**Brief:** What is needed is an exact copy of every entry below, minus the images.

:::::

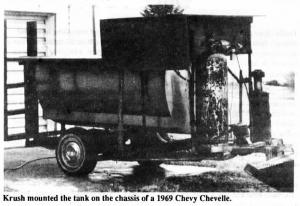 He mounted the tank on the chassis of a 1969 Chevy Chevelle, and then cut down the sides of the tank, reattaching the lids of the tank to the inside walls of the tank to serve as benches. Then he built a wooden deck and stairs on one side of the tank.
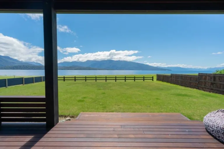 Wake early and wander the nearby bike trail lined with native plants, or set off for day hikes into Fiordland’s uplands, where subalpine meadows are dotted with mountain daisies and flowering herbs. In the evening, relax on the deck and watch Fiordland’s epic light show—sunset casting gold over snow-capped peaks.
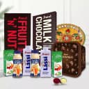 Pray for safety and well being of your loving family by sending this Celebration Hamper. This Gift Hamper has - a) 1 pc Amul Fruit n Nut Bar (100 gm) b) 1 pc Amul Milk Chocolate Bar (100 gm) c) 1 pc Amul Chocomins (250 gm) d) 2 pcs Amul Lassi e) 2 pcs Amul Kool f) 2 pcs Amul Butter Milk g) Designer Pooja Thali h) with Free Bhai Dooj Tika N Chawal.
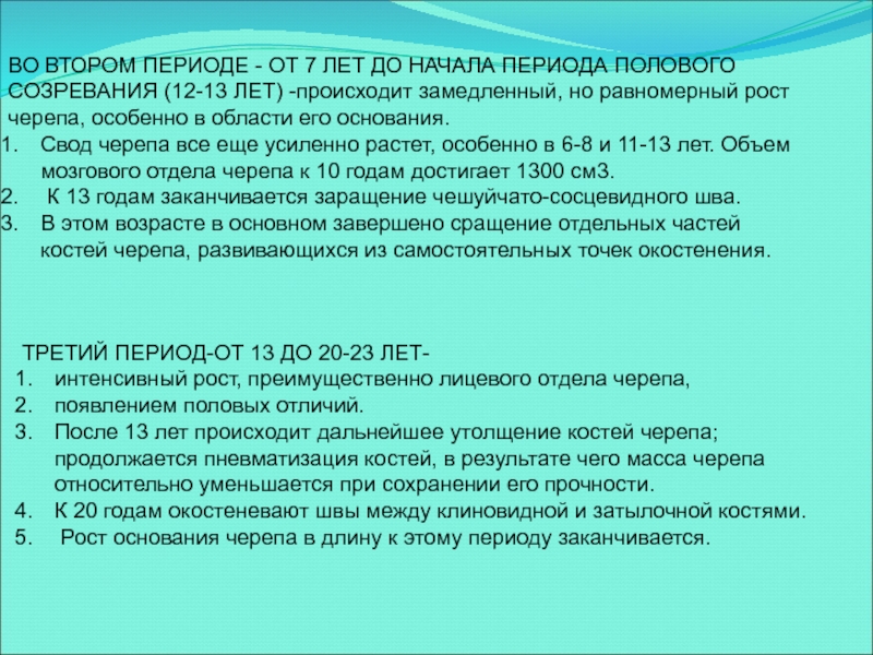 ПОЛОВОГО СОЗРЕВАНИЯ (12-13 ЛЕТ) -происходит замедленный, но равномерный рост черепа,
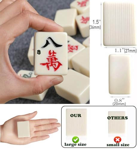 - Setul de Mahjong chinezesc conține 146 de piese de culoare fildeș, dimensiuni 3.6 x 2.7 x 2CM, plăcile mari sunt mai confortabile
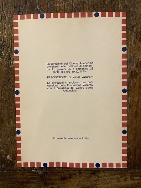 Invito 21 x 15 cm. per la proiezione del Film Precinetisme Cinema Arlecchino Milano 21 - 25 e 28 Aprile (1969)
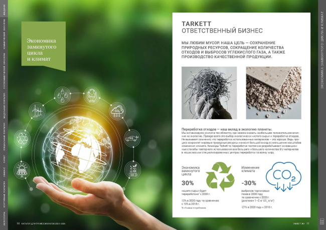 Tarkett продолжает демонстрировать приверженность принципам устойчивого развития. Вся представленная в каталоге продукция соответствует требованиям экологических стандартов «Листок жизни», Green Book и EcoMaterial. К 2030 году компания планирует увеличить долю переработанного сырья в производстве до 30% и сократить выбросы CO₂ на аналогичную величину. Все напольные покрытия безопасны для здоровья человека и получили рекомендации к применению в детских, медицинских и образовательных учреждениях.
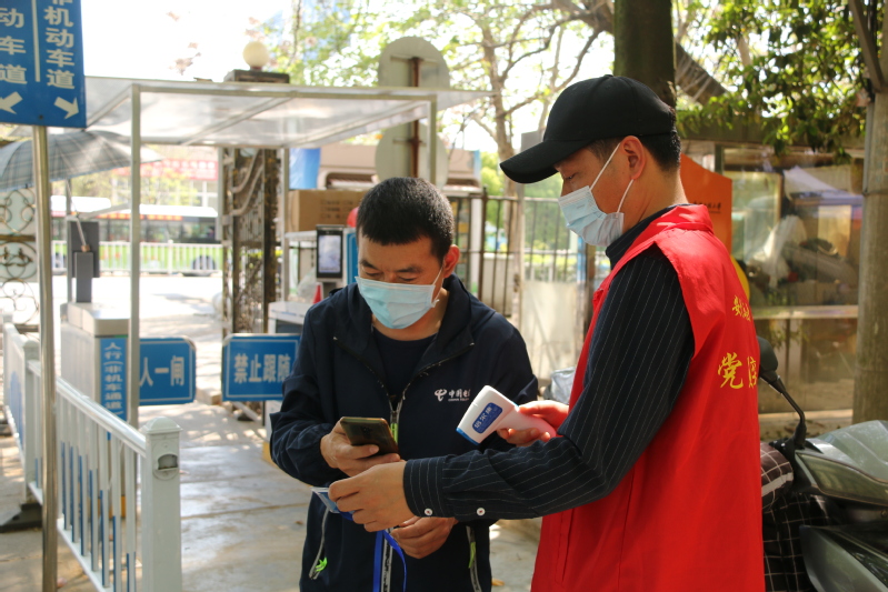 “请佩戴口罩,并出示您的行程码和安康码……”国际处的李悦老师正在进行扫码核验督查工作,她不厌其烦地提醒进校教职工出示健康码和行程码、佩戴口罩,并为其测量体温,做到逢进必扫码、逢进必查验,不得以亮码或截图代替扫码,确保不漏一人。李悦说:“学校西门这边有很多老人,我通过和他们聊天、唠家常的方式普及防疫知识……看见老人们亲切地和我打招呼,表达着对我的关心时,我的内心充满了幸福感与获得感!”
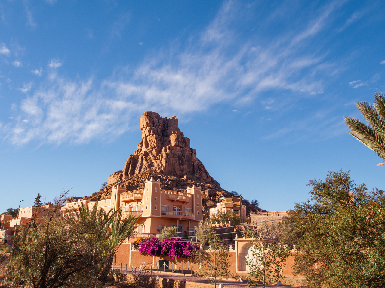 En partant de Tafraout, on traverse d’abord le village de Aguerd-Oudad qui est connu pour son étrange rocher qui surplombe les toits et qui a été surnommé le chapeau de Napoléon à cause de sa forme
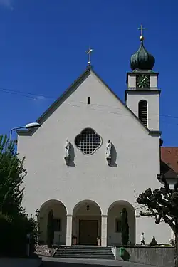 From the 2000 census, 2,066 or 80.9% were Roman Catholic, while 209 or 8.2% belonged to the Swiss Reformed Church. Of the rest of the population, there were 41 members of an Orthodox church (or about 1.61% of the population), there were 2 individuals (or about 0.08% of the population) who belonged to the Christian Catholic Church, and there were 26 individuals (or about 1.02% of the population) who belonged to another Christian church. There were 65 (or about 2.55% of the population) who were Islamic. There were 2 individuals who were Buddhist and 3 individuals who belonged to another church. 66 (or about 2.59% of the population) belonged to no church, are agnostic or atheist, and 73 individuals (or about 2.86% of the population) did not answer the question.[9]
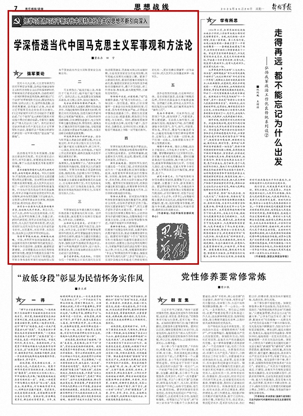 党的十八大以来,习主席传承我们党的军事哲学智慧,坚持运用辩证唯物主义和历史唯物主义认识和探索新时代军事领域的矛盾运动规律,创造性阐明一系列军事哲学基本范畴,鲜明提出“五个坚持”的军事观和方法论,即坚持政治引领、坚持以武止戈、坚持积极进取、坚持统筹兼顾、坚持敢打必胜,标志着习近平强军思想走向体系化学理化,《习近平论强军兴军(四)》对此作了重要论述。“五个坚持”是从新时代强军兴军实践中得出的理论结晶,为强军打赢提供了“伟大的认识工具”。我们必须切实学深悟透当代中国马克思主义军事观和方法论,掌握好这个观察分析新时代新征程一切军事问题的“望远镜”“显微镜”。
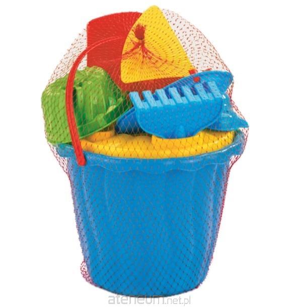 W zestawie: 8 elementów: wiaderko, sitko, łopatka, grabki, żaglówka, 3x foremki
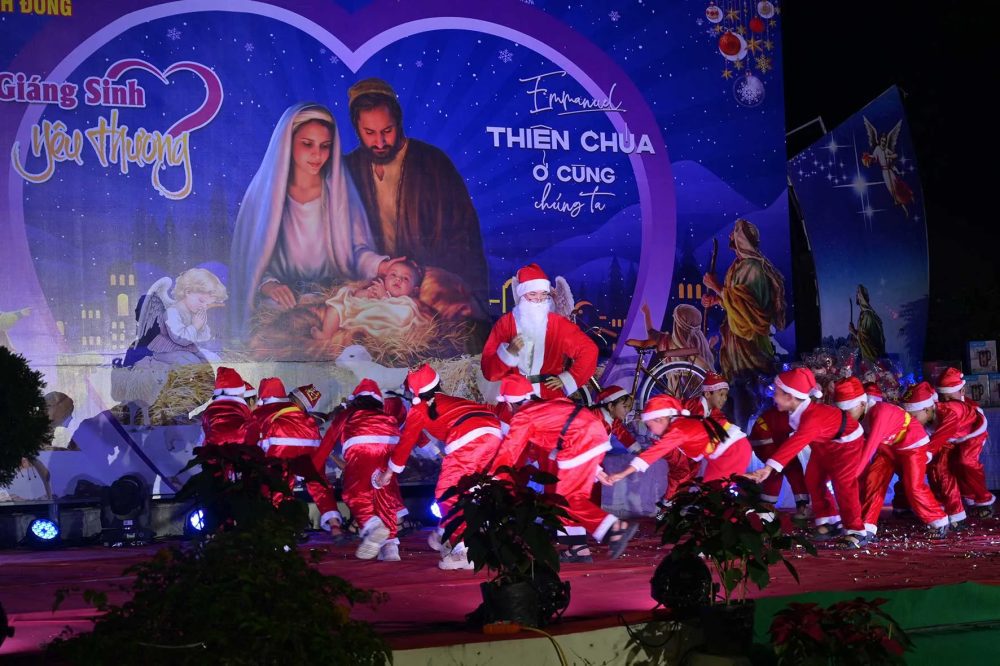 Kết thúc Thánh lễ, các em thiếu nhi tiến ra Hang đá Giáng Sinh, sốt sắng dâng lên Chúa Hài Đồng những lời cầu nguyện qua lời chuyển cầu của Các Thánh Anh Hài, xin Người luôn đồng hành, gìn giữ và chúc lành cho Xứ đoàn ngày càng thăng tiến trong đời sống đức tin và tinh thần phục vụ.

:::::

**Your solution:**
 He mounted the tank on the chassis of a 1969 Chevy Chevelle, and then cut down the sides of the tank, reattaching the lids of the tank to the inside walls of the tank to serve as benches. Then he built a wooden deck and stairs on one side of the tank.
 Wake early and wander the nearby bike trail lined with native plants, or set off for day hikes into Fiordland’s uplands, where subalpine meadows are dotted with mountain daisies and flowering herbs. In the evening, relax on the deck and watch Fiordland’s epic light show—sunset casting gold over snow-capped peaks.
 Pray for safety and well being of your loving family by sending this Celebration Hamper. This Gift Hamper has - a) 1 pc Amul Fruit n Nut Bar (100 gm) b) 1 pc Amul Milk Chocolate Bar (100 gm) c) 1 pc Amul Chocomins (250 gm) d) 2 pcs Amul Lassi e) 2 pcs Amul Kool f) 2 pcs Amul Butter Milk g) Designer Pooja Thali h) with Free Bhai Dooj Tika N Chawal.
 ПОЛОВОГО СОЗРЕВАНИЯ (12-13 ЛЕТ) -происходит замедленный, но равномерный рост черепа,
 - Setul de Mahjong chinezesc conține 146 de piese de culoare fildeș, dimensiuni 3.6 x 2.7 x 2CM, plăcile mari sunt mai confortabile
 Invito 21 x 15 cm. per la proiezione del Film Precinetisme Cinema Arlecchino Milano 21 - 25 e 28 Aprile (1969)
 Tarkett продолжает демонстрировать приверженность принципам устойчивого развития. Вся представленная в каталоге продукция соответствует требованиям экологических стандартов «Листок жизни», Green Book и EcoMaterial. К 2030 году компания планирует увеличить долю переработанного сырья в производстве до 30% и сократить выбросы CO₂ на аналогичную величину. Все напольные покрытия безопасны для здоровья человека и получили рекомендации к применению в детских, медицинских и образовательных учреждениях.
 “请佩戴口罩,并出示您的行程码和安康码……”国际处的李悦老师正在进行扫码核验督查工作,她不厌其烦地提醒进校教职工出示健康码和行程码、佩戴口罩,并为其测量体温,做到逢进必扫码、逢进必查验,不得以亮码或截图代替扫码,确保不漏一人。李悦说:“学校西门这边有很多老人,我通过和他们聊天、唠家常的方式普及防疫知识……看见老人们亲切地和我打招呼,表达着对我的关心时,我的内心充满了幸福感与获得感!”
 En partant de Tafraout, on traverse d’abord le village de Aguerd-Oudad qui est connu pour son étrange rocher qui surplombe les toits et qui a été surnommé le chapeau de Napoléon à cause de sa forme
 From the 2000 census, 2,066 or 80.9% were Roman Catholic, while 209 or 8.2% belonged to the Swiss Reformed Church. Of the rest of the population, there were 41 members of an Orthodox church (or about 1.61% of the population), there were 2 individuals (or about 0.08% of the population) who belonged to the Christian Catholic Church, and there were 26 individuals (or about 1.02% of the population) who belonged to another Christian church. There were 65 (or about 2.55% of the population) who were Islamic. There were 2 individuals who were Buddhist and 3 individuals who belonged to another church. 66 (or about 2.59% of the population) belonged to no church, are agnostic or atheist, and 73 individuals (or about 2.86% of the population) did not answer the question.[9]
 党的十八大以来,习主席传承我们党的军事哲学智慧,坚持运用辩证唯物主义和历史唯物主义认识和探索新时代军事领域的矛盾运动规律,创造性阐明一系列军事哲学基本范畴,鲜明提出“五个坚持”的军事观和方法论,即坚持政治引领、坚持以武止戈、坚持积极进取、坚持统筹兼顾、坚持敢打必胜,标志着习近平强军思想走向体系化学理化,《习近平论强军兴军(四)》对此作了重要论述。“五个坚持”是从新时代强军兴军实践中得出的理论结晶,为强军打赢提供了“伟大的认识工具”。我们必须切实学深悟透当代中国马克思主义军事观和方法论,掌握好这个观察分析新时代新征程一切军事问题的“望远镜”“显微镜”。
 W zestawie: 8 elementów: wiaderko, sitko, łopatka, grabki, żaglówka, 3x foremki
 Kết thúc Thánh lễ, các em thiếu nhi tiến ra Hang đá Giáng Sinh, sốt sắng dâng lên Chúa Hài Đồng những lời cầu nguyện qua lời chuyển cầu của Các Thánh Anh Hài, xin Người luôn đồng hành, gìn giữ và chúc lành cho Xứ đoàn ngày càng thăng tiến trong đời sống đức tin và tinh thần phục vụ.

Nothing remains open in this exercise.